In 1933, just in the nick of time, she escaped to Bryn Mawr University in the US. And it is at Bryn Mawr that Noether’s story connects with Phillips’s own. As a physics student at Dartmouth College in New Hampshire, he had learned that symmetry underpins the great conservation laws of physics. But it was only later that he learned of a woman he had never heard mention of before. In the 1980s, Phillips had a girlfriend at Bryn Mawr, and the pair liked to walk in the faux cloister there, neither of them realising that beneath one of the paving stones lay Noether’s ashes.
Noether’s time in the US was the happiest of her life. However, she survived only two years before succumbing to a massive infection after the successful removal of a large ovarian cyst. She was just 53.
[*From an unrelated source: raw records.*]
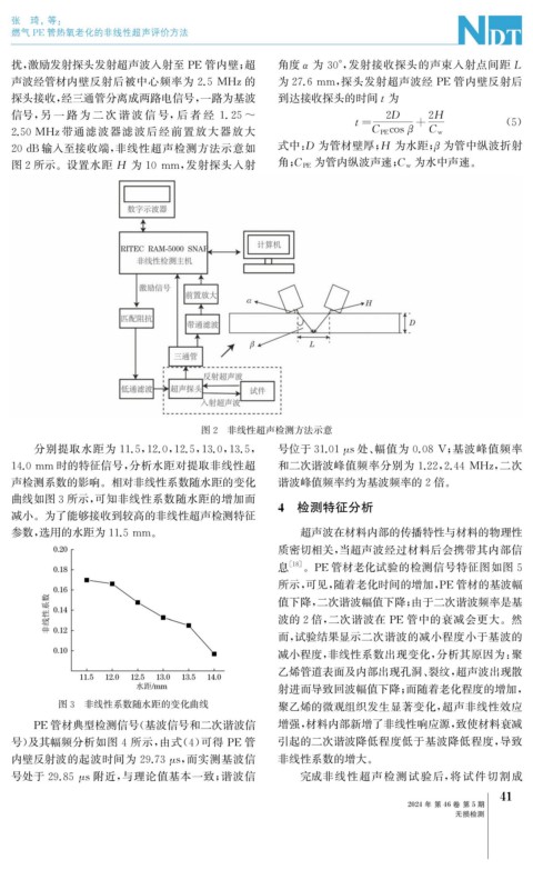 20dB输入至接收端, 非线性超声检测方法示意如 式中: D 为管材壁厚; H 为水距; 为管中纵波折射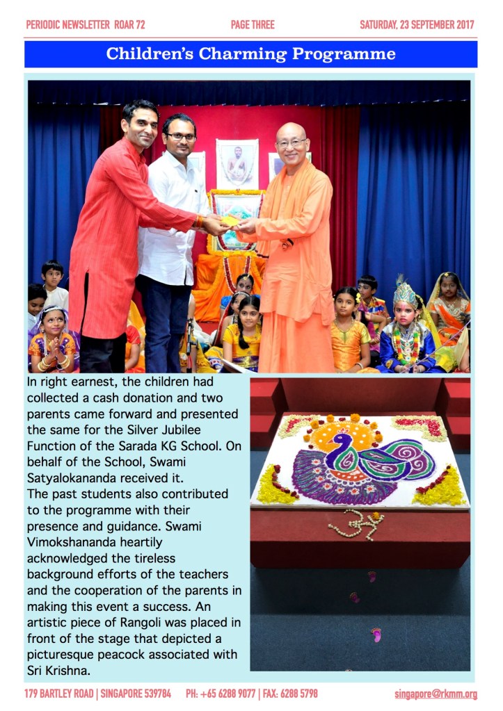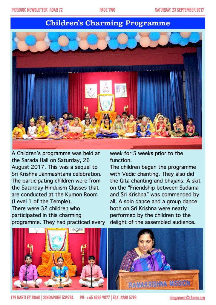 Roar 72 describes the two major functions – one Sri Krishna Janmashtami held on 14 August 2017 and another – a sequel to this function. The latter one was a Cultural programme where Children from the Hinduism classes participated…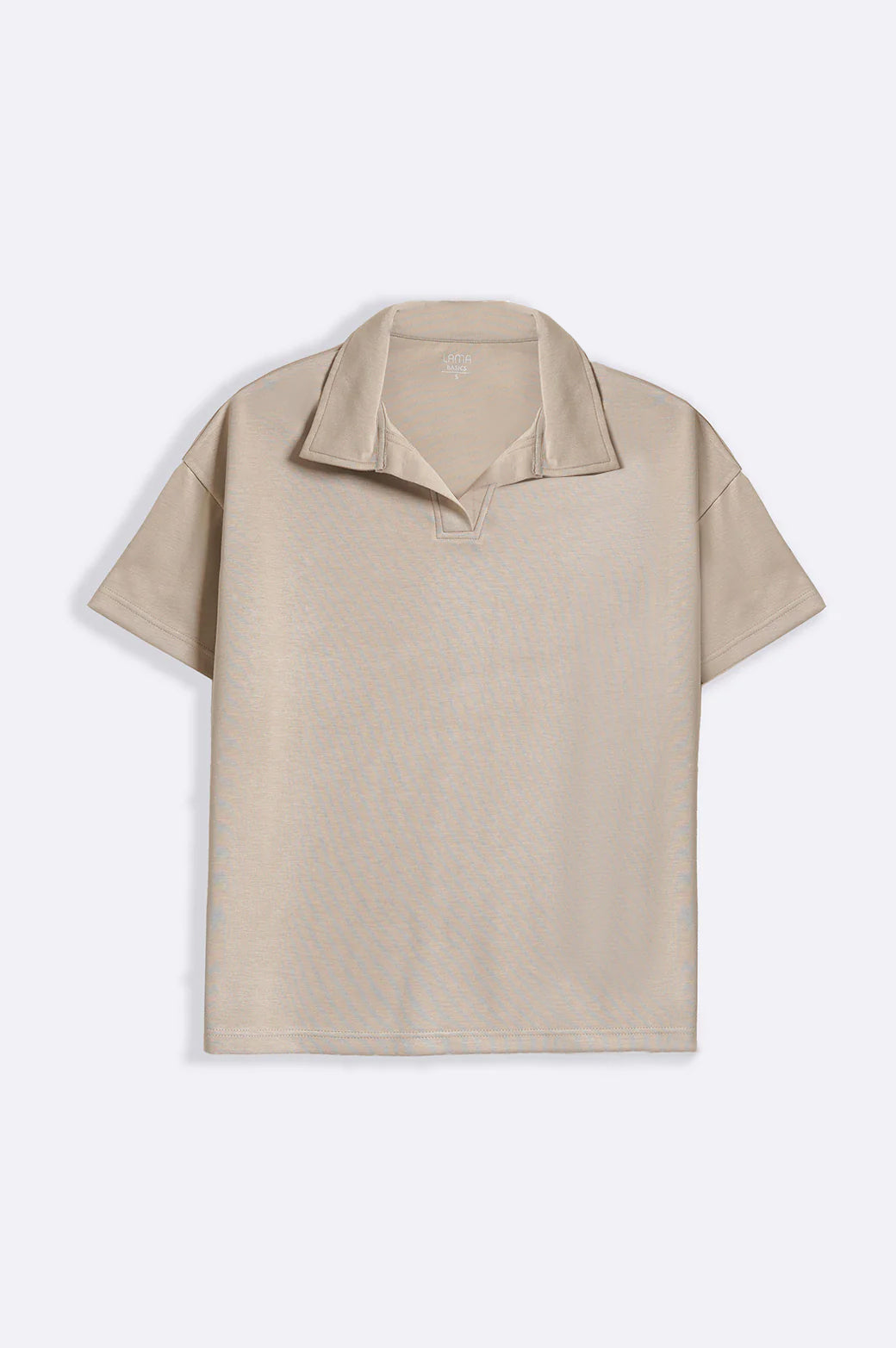Design details: Johnny collar polo made of neoprene fabric with short sleeves featuring side slits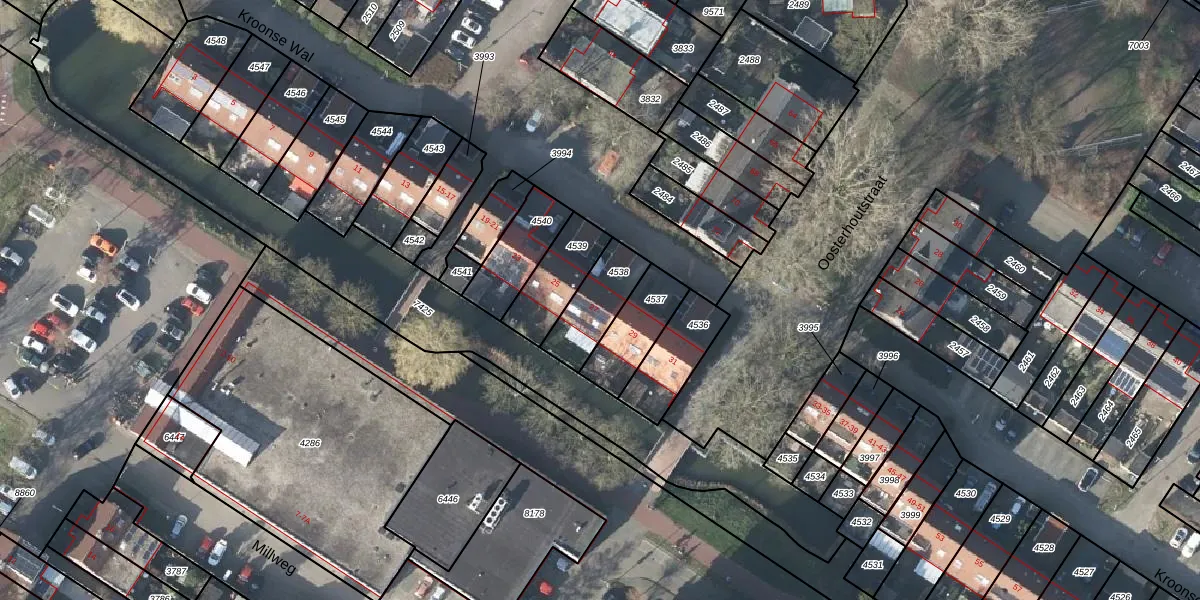 Het perceel waarop Kroonse Wal 27 staat heeft een oppervlakte van 171 m². Dit is een middelgroot perceel. De perceeloppervlakte wordt geregistreerd door het Kadaster. Gedetailleerde informatie over de maten van dit perceel kunt u vinden in het rapport Kadastrale kaart met maatvoering van Kroonse Wal 27.
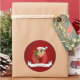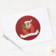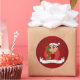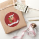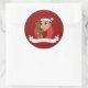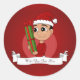 Um adesivo redondo com ilustração de um bonito sorridente rapaz hispânico/latino ou bebê asiático, ele está vestindo um chapéu de Papai Noel vermelho e branco e segurando um presente de Natal; com um modelo de texto editável para seu nome ou mensagem, um design de Natal com fundo vermelho

“In the judgment of the most competent living mathematicians,” said Einstein, “Fräulein Noether was the most significant mathematical genius thus far produced since the higher education of women began.” According to Frank Wilczek, a key contributor to the Standard Model, Noether’s Theorem is “the single most profound result in all of physics”. Phillips concludes that Noether “should be as well-known as Einstein”.
Noether was born into an era where women were permitted so little in education. Not until 1923 was a woman appointed as a professor in Germany. Gradually, however, the door opened just a little, until Noether was able to force her way through. As Doris Lessing once said, “Any human anywhere will blossom in a hundred unexpected talents and capacities simply by being given the opportunity to do so.” It was this law that Emmy Noether proved more than any other.